Scientific classification
- Kingdom: Plantae
- Clade: Tracheophytes
- Clade: Angiosperms
- Clade: Eudicots
- Clade: Asterids
- Order: Asterales
- Family: Asteraceae
- Genus: Angianthus
- Species: A. halophilus
- Binomial name: Angianthus halophilus Keighery

= Angianthus halophilus =

- Genus: Angianthus
- Species: halophilus
- Authority: Keighery
- Conservation status: P3

Species of plant

Angianthus halophilus is a species of flowering plant in the family Asteraceae, and is endemic to the south-west of Western Australia. It is an erect to spreading annual herb with soft, succulent, linear to lance-shaped leaves, oval to hemispherical compound heads of 30 to 60 yellow flowers, and egg-shaped achenes with the narrower end towards the base.

==Description==
Angianthus halophilus is an annual herb with erect to spreading stems 15–50 mm long and densely covered with cottony hairs at first, becoming sparser with age. The leaves are arranged in opposite pairs, soft and succulent, linear to lance-shaped and 0.5–1 mm wide, the leaves at the base of the plant 4–7 mm long and stem leaves 4–5 mm wide. The flowers are yellow and borne in oval to hemispherical compound heads of 30 to 60 pseudanthia, the heads 6–8 mm wide. There are four concave bracts about 2 mm long at the base of the pseudanthia. Flowering occurs in October and November, and the achenes are more or less egg-shaped with the narrower end towards the base, about 0.8 mm long and 0.3 mm wide but without a pappus.

==Taxonomy==
Angianthus halophilus was first formally described in 2004 by Gregory Keighery in the journal Nuytsia from specimens collected on the western edge of Lake King in 1983. The specific epithet (halophilus) means 'salt loving', "a reference to the saline gypsum dunes where this species occurs".

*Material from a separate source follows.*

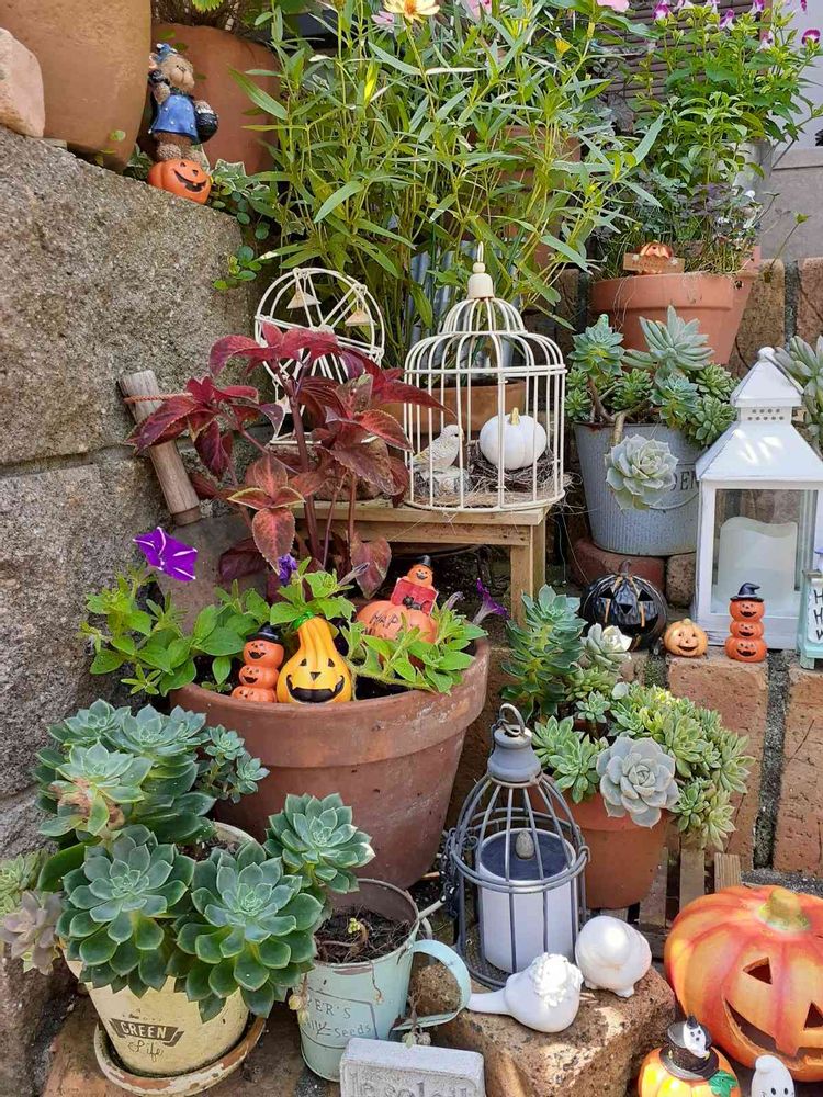 もうハロウィンの時期ですね❣️ハロウィン🎃の飾りつけ可愛いです😍😍多肉さん達も飾り方も何もかも可愛いです😍

==Distribution and habitat==
This species of Angianthus occurs on low, gypsum-rich dunes in saline lakes in shrubland in Lake Cairlocup, Lake Grace and Lake King in the Mallee bioregion in the south-west of Western Australia.

==Conservation status==
Angianthus halophilus is listed as "Priority Three" by the Government of Western Australia, Department of Biodiversity, Conservation and Attractions, meaning that it is poorly known and known from only a few locations but is not under imminent threat.